Management Algorithm for First-Time Patellar Dislocation
The management of first-time patellar dislocation should be primarily conservative unless specific indications for surgery are present. This approach is supported by current evidence showing equivalent functional outcomes between surgical and non-surgical management for most patients with first-time dislocations 1.
Initial Assessment
Radiographic Evaluation: Obtain anteroposterior and lateral knee radiographs as the initial imaging study 2
- Add patellofemoral view for better evaluation of patellar position and potential fractures
- Consider cross-table lateral view to detect lipohemarthrosis if intra-articular fracture is suspected
Indications for Advanced Imaging:
- MRI is indicated when there is suspicion of:
- Osteochondral fracture
- Substantial disruption of medial patellar stabilizers
- Associated internal derangement
- MRI is indicated when there is suspicion of:
Treatment Algorithm
Conservative Management (First-Line Treatment)

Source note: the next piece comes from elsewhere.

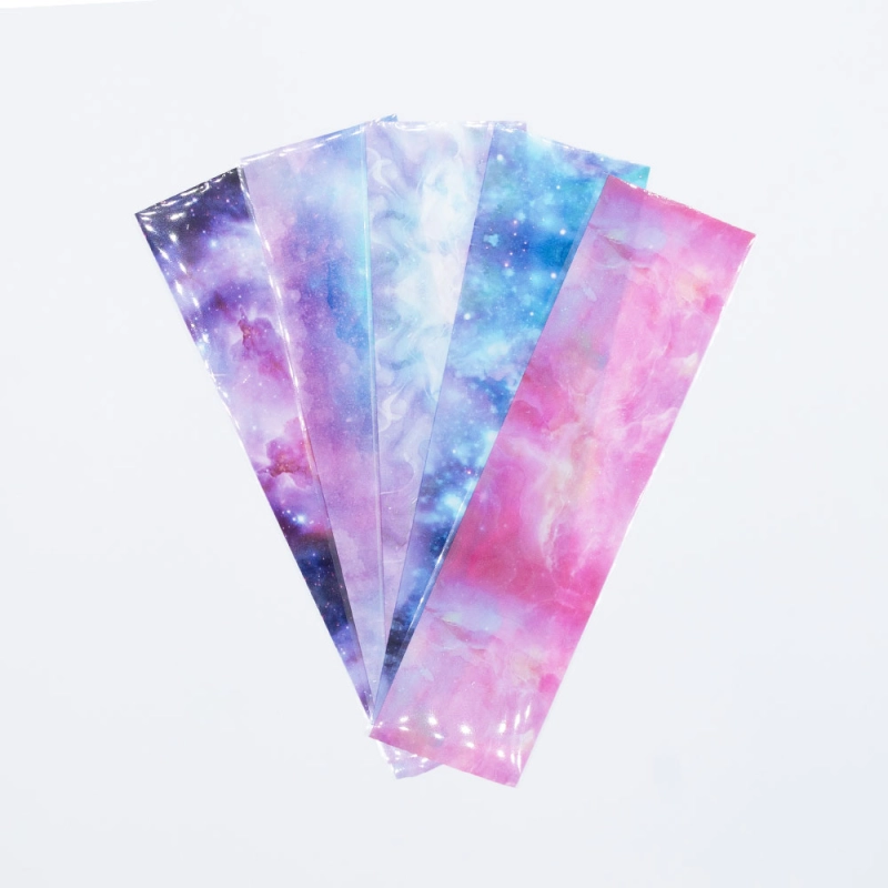 Les Foils 38 – Skys sont parfaits pour réaliser des décors d’ongles aux effets célestes et mystérieux. Leurs motifs inspirés de la galaxie, des étoiles et des nuages apportent une touche artistique et tendance à vos créations.

Immobilization Phase (0-2 weeks):
- Knee Brace: Use a removable knee brace that allows 0-30° of motion 3
- Weight-Bearing: Partial weight-bearing with crutches as tolerated
- Pain Management: NSAIDs (ibuprofen 1.2-2.4g daily or naproxen 500mg twice daily) 4
- Cryotherapy: Ice application for 15-20 minutes every 2-3 hours for acute pain relief 4
Early Rehabilitation Phase (2-4 weeks):
- Range of Motion: Progressive increase in allowed knee flexion
- Exercises: Begin quadriceps strengthening with isometric exercises
- Weight-Bearing: Progress to full weight-bearing as tolerated
Intermediate Rehabilitation Phase (4-8 weeks):
- Brace Discontinuation: Typically at 4 weeks post-injury
- Exercises: Progressive strengthening with focus on:
- Vastus medialis obliquus strengthening
- Hip abductor strengthening
- Proprioceptive training
- Eccentric strengthening exercises 4
Advanced Rehabilitation Phase (8-12 weeks):
- Functional Training: Sport or occupation-specific exercises
- Return to Activity Criteria:
- Complete resolution of pain
- Full range of motion
- Strength symmetry >90% compared to uninjured side
- Successful completion of functional tests 4
Surgical Management
Indications for Primary Surgical Intervention:
- Presence of osteochondral fracture
- Substantial disruption of the medial patellar stabilizers
- Laterally subluxated patella with normal alignment of contralateral knee
- Large loose bodies requiring removal 5
Surgical Considerations:
- MPFL (medial patellofemoral ligament) reconstruction is generally preferred over repair for better outcomes 6
- Address any underlying anatomical abnormalities that predispose to instability
Follow-Up Protocol
- 2-Week Follow-Up: Assess pain, swelling, and early range of motion
- 6-Week Follow-Up: Evaluate progress with rehabilitation and range of motion
- 12-Week Follow-Up: Assess readiness for return to full activities 4
Risk Assessment for Recurrent Dislocation
Factors associated with higher recurrence risk:
- Age <25 years
- Female gender
- Trochlear dysplasia
- Patella alta
- Increased TT-TG (tibial tubercle-trochlear groove) distance
- Generalized ligamentous laxity
Common Pitfalls to Avoid
- Prolonged Immobilization: Avoid immobilization beyond 4 weeks as it leads to quadriceps atrophy and worse functional outcomes 3
- Inadequate Rehabilitation: Failure to complete a structured rehabilitation program increases recurrence risk
- Missed Associated Injuries: Carefully evaluate for osteochondral injuries that may require surgical intervention
- Delayed Referral: Consider surgical consultation if no improvement after 6-8 weeks of conservative treatment 4
The evidence suggests that conservative management provides similar long-term outcomes to surgical intervention for most first-time patellar dislocations, with surgery primarily indicated for specific circumstances as outlined above 5, 7, 1.